Having some emergency savings is a great way to prepare for unexpected expenses, especially when things go wrong such as a broken washing machine or boiler. We’ll explain how to build up an emergency savings buffer and how much to save.
What’s in this guide
How to build up your fund
While it’s a good idea to set up your emergency fund as soon as possible, it’s best to keep to what you can afford and try to save regularly.
Saving smaller, regular amounts is often more effective than saving larger amounts now and again. This is because you get into the savings habit, and you’re not overcommitting too much money. It also lets you budget your spending from week to week or month to month more effectively.
If this isn’t possible, save what you can as regularly as you can. Every bit makes a big difference.
Just like you would save for a wedding or a new car, work out how much you need to put aside, and set up a savings standing order or Direct Debit for the right amount.
Visualising your end goal – whether you’re preparing yourself against a car breakdown or replacing an expensive item like the cooker or washing machine – it will help you keep focused and on track as well. Keeping track with a chart up on the wall might help.
If you have debts, you might also decide whether it’s better to pay them off first or save and pay them back at the same time.
Find out more in our guide Should you save or pay off loans and cards
If money is tight and you’re not sure you can save, see our guides:
- How to save money on household bills
- Living on a squeezed income
- review your income and spending with our Budget planner
- if you’re claiming certain benefits, you can also use the Help to Save scheme which gives you a bonus of 50% (half) on savings paid into a Help to Save account.
Once you’ve met your target amount for the emergency fund, you might want to continue with the regular savings amount to fund other savings goals.
Get started now, see our guide How to set a savings goal
How much should I save?
You want to be able to pay for an unexpected repair, but it's also important to have enough savings for tough situations.

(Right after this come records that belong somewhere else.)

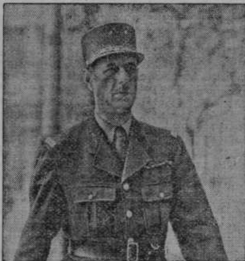
Četnik na delu, vojska avstrijskih francoskih, kojega čete so na delu, da pomorejo Angležem od juga pri prodiranju v Tripolitani

Vse čitajte! Dosti je takih naročnikov iz Prekmurja, da prečitajo samo dopise pod Slovenska krajina. Opazili smo pa v zadnjih dveh številkah »Gospodarja« pod »Novice iz domačih krajev« več pomembnih dopisov iz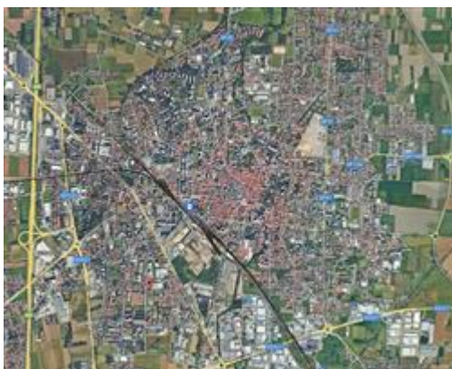
inquadramento nel territorio comunale

I beni sono ubicati in zona semicentrale in un'area residenziale, le zone limitrofe si trovano in un'area residenziale. Il traffico nella zona è locale, i parcheggi sono buoni. Sono inoltre presenti i servizi di urbanizzazione primaria e secondaria.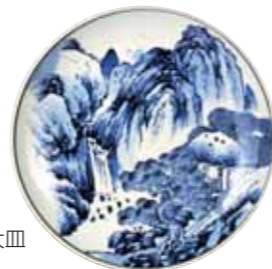
川本半助 染付山水図大皿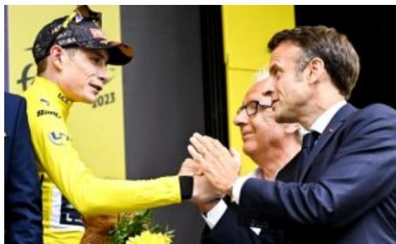
Macron au Tour de France

Le Macron, tout ragaillardi, a, ensuite, présidé la cérémonie d'hommage national au combattant pour la libération de la France, Léon Gautier.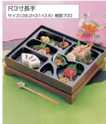
尺3寸長手 サイズ(38.2×31×3.6) 梱数700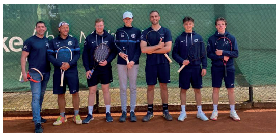
Aufgestiegen: Herren II.

Nicht die einzige freudige Botschaft an diesem brütend heißen Tag. Denn auch die 2. Herren schafften nach dem 8:1 gegen Oldeshausen den Sprung in die Gruppenliga. Mit dem Aufstieg der Herren 40 in die Bezirksoberliga wurde die bishe-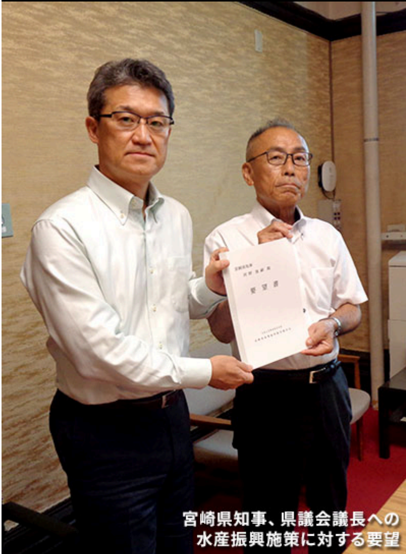
宮崎県知事、県議会議長への 水産振興施策に対する要望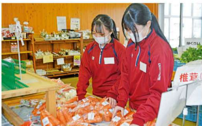
商品棚を整頓する生徒たち

12月5日(火)から7日(木)にかけて、授業で学習した内容を実社会で実践し、勤労観の育成やコミュニケーション能力の向上を図るため、高岡商業高校1年生4人が農産物直売所めぐりっち佐野店でインターンシップを行ないました。4人はレジ業務や商品陳列棚整頓など、店内で意欲的に業務に取り組んでいました。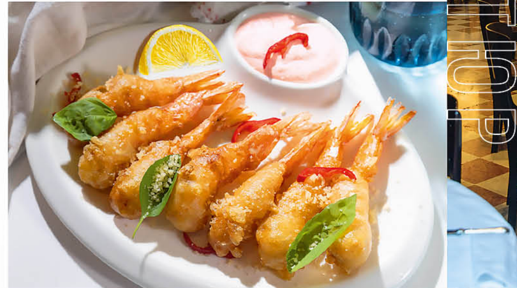
ГАМБЕРО ФРИТТО тигровые креветки в панировке с соусом Капри 695 р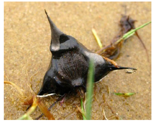
«розетка» и плод рогольника плавающего

пределах Сурской луки Форум пензенских краеведов называется затон старого русла Суры, близ фабрики «Маяк», а в пределах Лунинского района – озеро Чапчор. Пользователь Сергей Назаров пишет, что находил «такую штуку» на старице Суры близ села Пыркино Бессоновского района... Всё, что осталось от плантаций промышленного масштаба.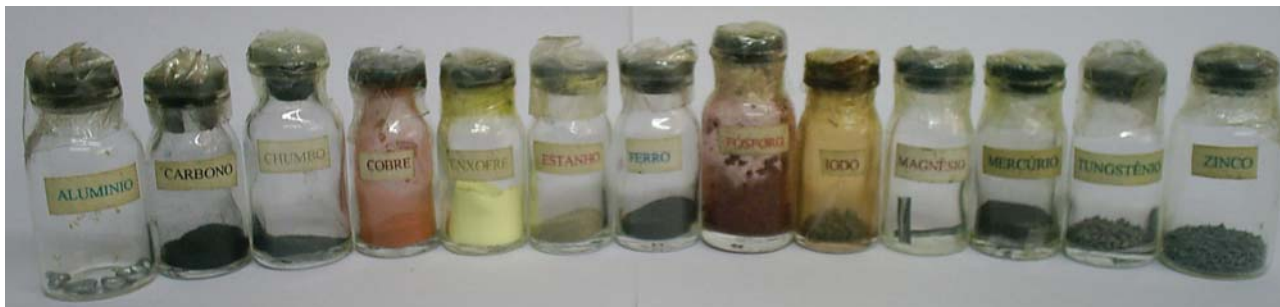
Figura 6: Kit de substâncias elementares utilizado nas atividades com os alunos.

metade do ano letivo, foram enfatizadas atividades que possibilitassem a elaboração conceitual das noções científicas necessárias à explicação das propriedades dos minerais, deixando em suspenso as atividades com o kit de minerais até o final do ano letivo.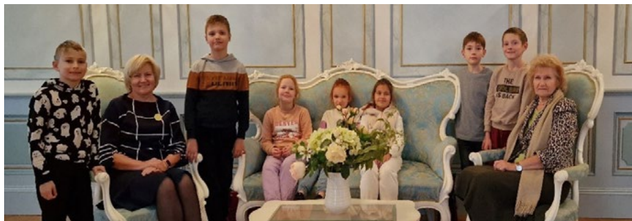
Rīgas Ēbelmuižas pamatskolas audzēkņi Melngalvju namā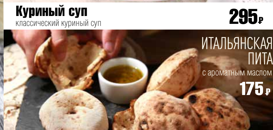
ИТАЛЬЯНСКАЯ ПИТА с ароматным маслом 175₹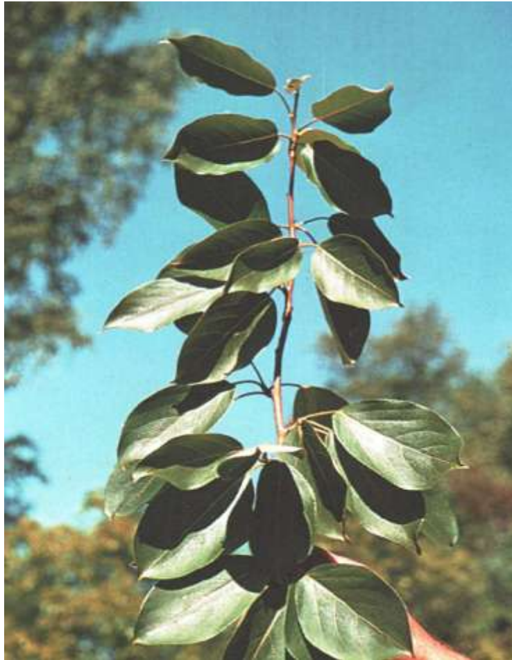
Рисунок 7 – Тополь корейский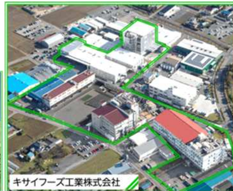
キサIFOODS工業株式会社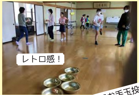
洗面器お手玉投げ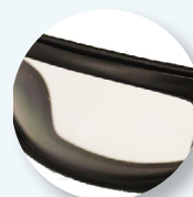
Schiuma interna che fornisce comfort e adattabilità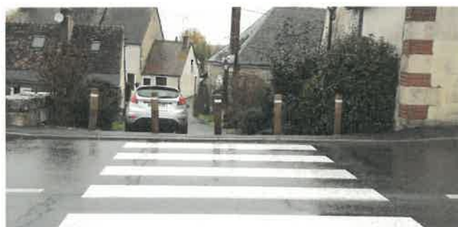
Quilles en bois à Veuves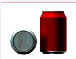
- Envases de Aluminio.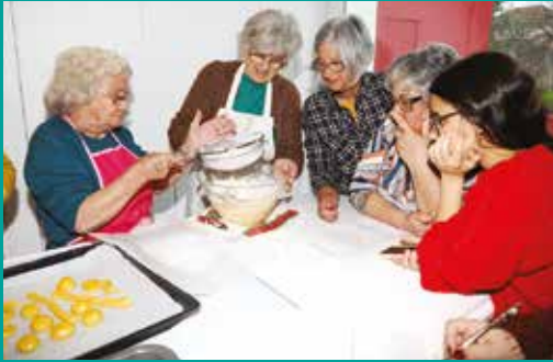
Workshop Bolinhos da Avó na Casa Mostra de Produtos Endógenos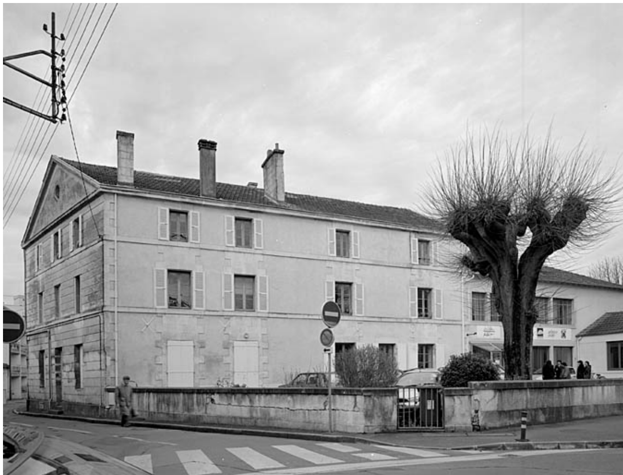
Vue d'ensemble prise du sud-est.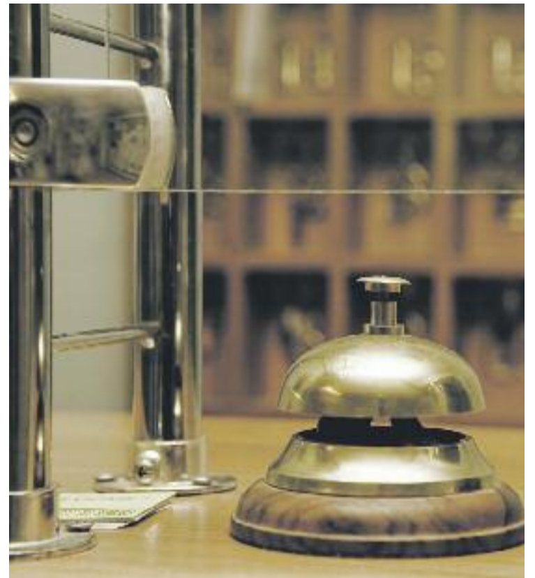
El comerç i l'hostaleria són els sectors que van registrar més contractes l'any passat.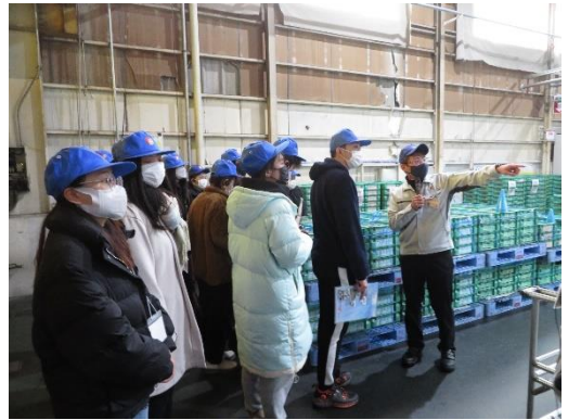
説明を受けている留学生

始めに、同社の企業概要について、留学生と同じ出身国の方から説明していただきました。海外に拠点を持っているため外国人が活躍していることなど、外国にも関連した話を聞いたことで、日本で働くことに興味を示す姿がありました。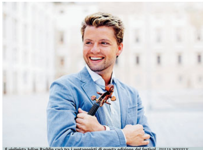
Il violinista Julian Rachlin sarà tra i protagonisti di questa edizione del festival.

La serata d'apertura del festival a Torino, il 4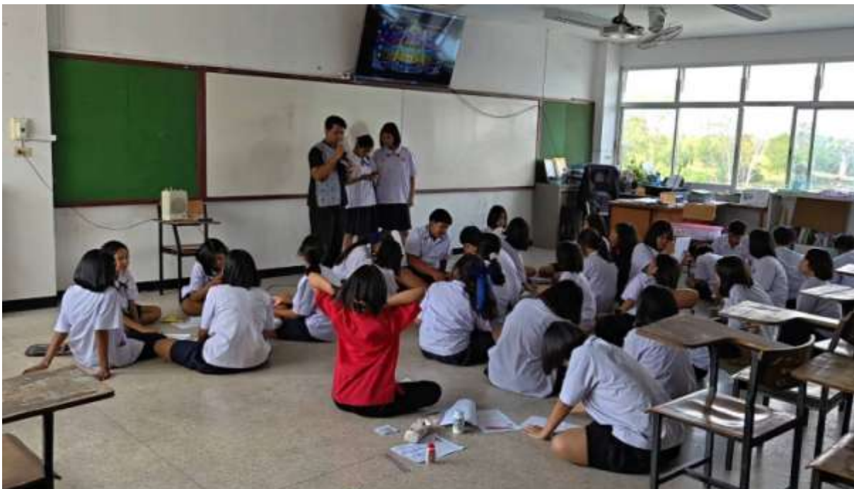
ภาพที่ ๔ ครูสุ่มนักเรียนแต่ละกลุ่มออกมานำเสนอความรู้จากการศึกษาค้นคว้า เรื่อง สวรรค์ในความเชื่อของชาวพุทธ ตามคติไตรภูมิพระร่วง ด้วยเทคนิค KWL-Plus หน้าชั้นจากนั้นครูอธิบายสรุปความรู้เพิ่มเติม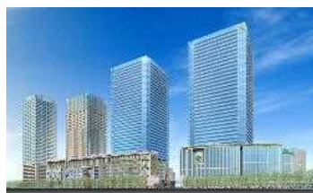
大阪駅北地区(大阪市) 容積率:800% → 1600% 等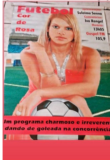
Figura 13: Cartaz de divulgação

emissora, a continuidade do projeto tornou-se inviável, pois, além da ausência de remuneração para a equipe, os custos com deslocamentos para os estádios e coberturas de coletivas não podiam ser sustentados sem financiamento.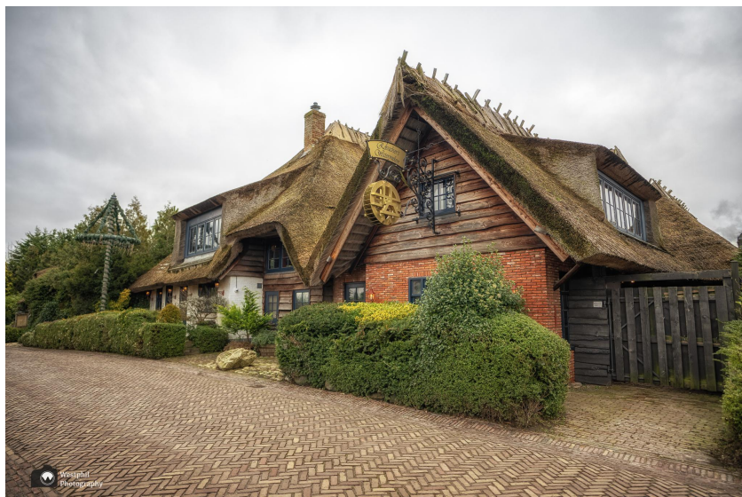
De Robacher Watermolen een trouw- en feestlocatie.

We lopen langs nog veel meer mooie huizen en maken nog een paar foto's. Dan wandelen we langs landgoed de Robacher Watermolen. Het landgoed heeft een lange historie. Van boerderij naar meubelmakerij en tegenwoordig is het een trouw- en feestlocatie. Het ziet er heel gezellig uit. Ik zou er best een feestje willen geven!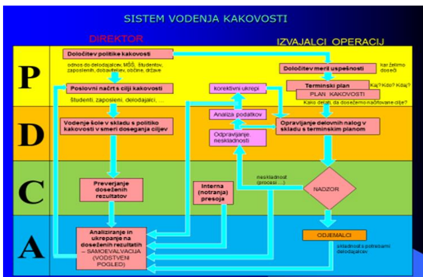
Slika 1: Sistem vodenja kakovosti

V visokem šolstvu bi lahko delovanje po naslednjih skicah (predlog, ideja - nastalo v okviru višjih strokovnih šol):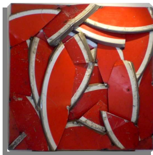
Panneaux adhésifs sur tôle 2009- 70 X 70cm

Alchimiste du conformisme , il soude de manière aléatoire des pièces en fer, aux formes informelles, dans un espace poli, aux angles droits. Celui qui affectionne les espaces cadrés, les points de soudures parfaits n'oublie pas qu'il a porté des uniformes toute sa vie... Le résultat est lumineux.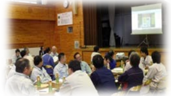
各班毎の討議結果発表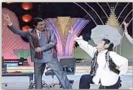
赵丽蓉老师生前小品《如此包装》被网友戏称是“航母Style”的原创

For example, if you lost your job or broke up with your partner and needed time to recover, you’d want more than just the cost of a new boiler or washing machine.
The rule of thumb
Remember
Any amount saved will help you if you need to pay for something you weren’t expecting.
A good rule of thumb to give yourself a solid financial cushion is to have three to six months’ essential outgoings available in an instant access savings account.
So, if you spend £1,000 a month on mortgage or rent, food, heating bills and other things you can’t live without, you might aim for £3,000 to £6,000 in emergency savings.
Other ways of dealing with unexpected costs
Insurance is another way to cover unexpected expenses.
Find out more in our guide Protect yourself and your home: shopping for insurance
Pay priority debts before saving for emergencies
It’s great that you’re starting to build up your emergency fund, but before you pile all your spare money into it, make sure you’re ready.
If you have:
- credit card debt
- unauthorised overdraft
- Pay-day loans
- Door-to-door lending or home credit
- arrears on your mortgage repayments.
It would be cheaper in the long run to pay these off first.
But if you’re keeping up with mortgage repayments and any other credit you have is low cost, temporary or well under control, it’s a good idea to add to your emergency fund.